Security requirements

• HTTPS only — Your MCP server must use TLS
• Authentication — Use OAuth 2.0; Gravity Rail supports MCP OAuth natively
• HIPAA compliance — Host on HIPAA-compliant infrastructure (AWS with BAA, Azure with BAA, etc.)
• Minimum necessary — Only expose tools and data fields your workflows actually need
• Audit logging — Log all tool calls with timestamps and user context (without PHI)

---

Step 4: Deploy Your MCP Server

Deploy to a HIPAA-compliant hosting environment.

Hosting options

Deployment checklist

• HTTPS with valid TLS certificate
• OAuth 2.0 endpoints configured (authorization, token, discovery)
• Health check endpoint responding
• FHIR API credentials configured via environment variables (never hardcoded)
• PHI logging disabled
• Network access restricted to Gravity Rail's IP range (if possible)
• HIPAA BAA signed with hosting provider

---

Step 5: Connect the MCP Server to Gravity Rail

Now register your MCP server in your workspace.

1. Go to Toolkits > MCP Servers tab
2. Click Add MCP Server
3. Configure:
   • Name: "EHR Integration" (or your EHR's name)
   • URL: Your MCP server's endpoint URL (e.g., https://ehr-mcp.yourdomain.com/mcp)
   • Description: "Access patient records, appointments, and clinical data from the EHR"
4. If your server uses OAuth:
   • Gravity Rail will attempt automatic OAuth discovery
   • Complete the authorization flow when prompted
   • If automatic discovery fails, manually enter the OAuth client ID, client secret, and authorization server URL
5. Click Enable and verify the connection

Once connected, Gravity Rail automatically discovers the tools your server exposes. You should see tools like ehr_lookup_patient, ehr_get_appointments, etc. (prefixed with your server's slug).

For detailed MCP server setup instructions, see the Toolkits guide.

---

Step 6: Use EHR Tools in a Workflow

Attach the MCP server to a workflow so your agent can use it during conversations.
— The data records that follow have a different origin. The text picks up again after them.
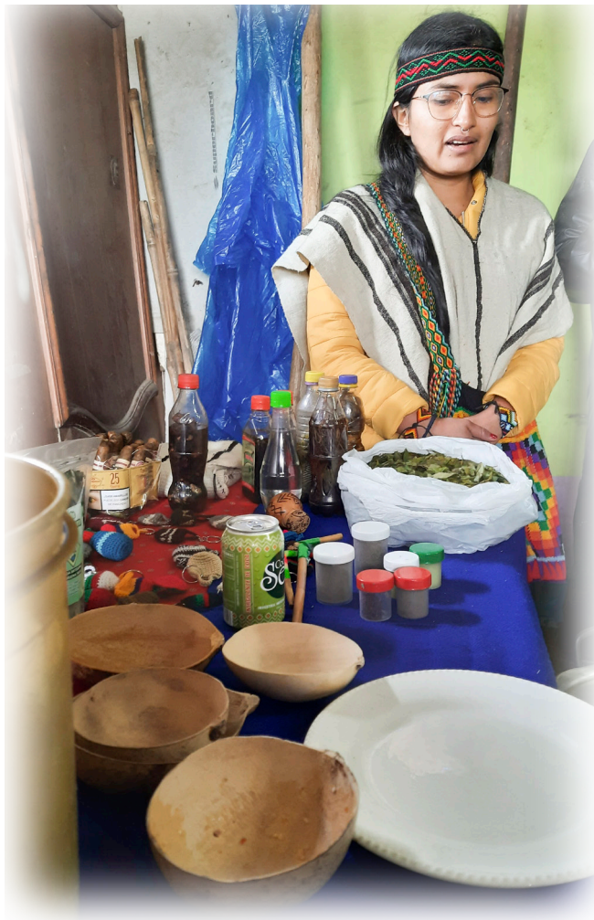
Imagen 6. Díaz.J 2022, Sabedora y medicina propia.

El pueblo Nasa cuenta con medicina propia que es desarrollada por el thewala (médico tradicional), quien es el que cuenta con el conocimiento para armonizar física y espiritualmente a quien lo necesite.
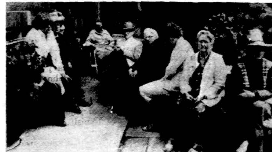
Sodybos gelynuose sodybiečiai ir jų svečiai klausosi medi-ciniskų patarimų.

gausiai ir per dažnai apsilei-džia sveikatos apsaugos rei-kaluose, todėl reikiamo ir galimo gėrio sveikatos srityje nesulaukia.
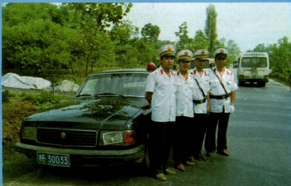
◀ 运政人员整装待发
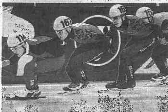
Viktor Ahn, il secondo da sinistra, 32 anni e sei ori olimpici
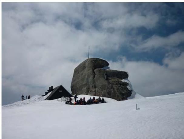
Заслужени одмор на врху – Ому 2505 м
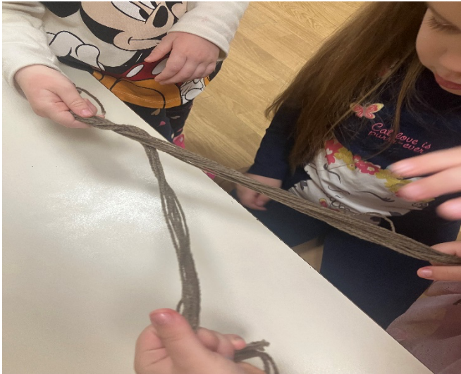
Slika 4. Pletenje pletenica za kosu lutke

Create or update a workflow

1. Open the workflow where you want EHR access (e.g., "Appointment Reminder" or "Patient Intake")
2. Go to the Abilities tab
3. Add the Custom Toolkits ability
4. Select your EHR MCP server
5. Save

Update task prompts

Give the AI context about when and how to use the EHR tools. For example, in an appointment scheduling task:

You can look up the patient's information and check appointment availability
using your EHR tools. When scheduling:
1. First verify the patient's identity using lookup_patient
2. Check available slots with get_appointments
3. Confirm the appointment details with the patient before booking
4. Use schedule_appointment to book once the patient confirms

Never display the patient's full medical record. Only share information
relevant to the current conversation (appointment dates, provider names).

---

Confirm the Result

1. Test tool discovery. Go to Toolkits > MCP Servers and verify your server shows as "Enabled" with the expected tools listed.
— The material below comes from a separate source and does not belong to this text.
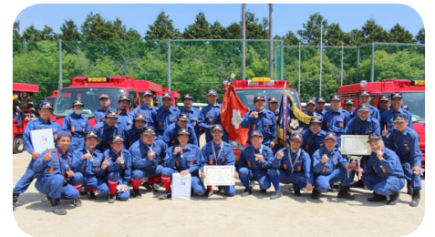
第3分団3部(益富地区)チームが見事優勝!写真は第3分団

豊田市消防団では、市内全域で団員を随時募集しています。ご関心のある方は下記までお願いします
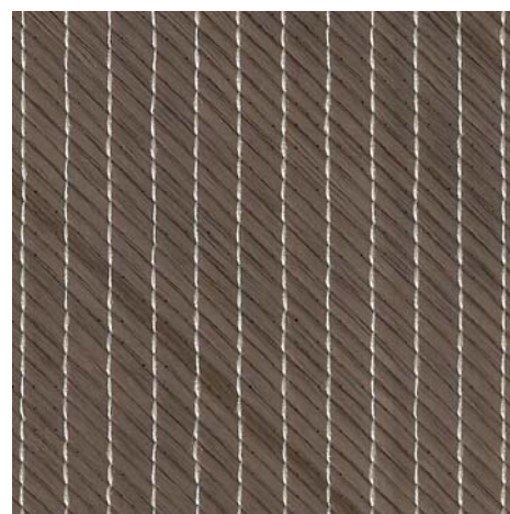
б - многонаправленное

2. Test in a conversation. Open a web chat site connected to your workflow and have a conversation that triggers EHR tool use (e.g., "I'd like to check my upcoming appointments"). Verify the AI calls the right tools and returns accurate data.
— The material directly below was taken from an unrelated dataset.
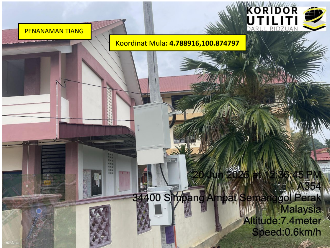
LOKASI DI JALAN KAMPUNG BUKIT SEMANGGOL

3. Check the sandbox. Verify that test requests are hitting your EHR's sandbox environment and returning expected data.

4. Review for PHI handling. Check your MCP server logs to confirm no PHI is being logged. Review the chat transcripts to confirm the AI isn't over-sharing patient data.

If tools aren't appearing, check that the MCP server is reachable from Gravity Rail, OAuth is configured correctly, and the server is responding to tool discovery requests.

---

What's Next

• Add more tools. Expand your MCP server with tools for lab results, referrals, medication management, or clinical notes as your workflows require.
• Move to production. Once validated in sandbox, configure your MCP server with production EHR credentials and complete the EHR vendor's app review process (required for Epic, optional for others).
• Build clinical workflows. Combine EHR data with other Gravity Rail features — use patient conditions to route to specialized workflows, or pull lab results into risk assessment screening.
• Monitor and audit. Set up monitoring on your MCP server for latency, error rates, and usage patterns. Maintain audit logs for compliance.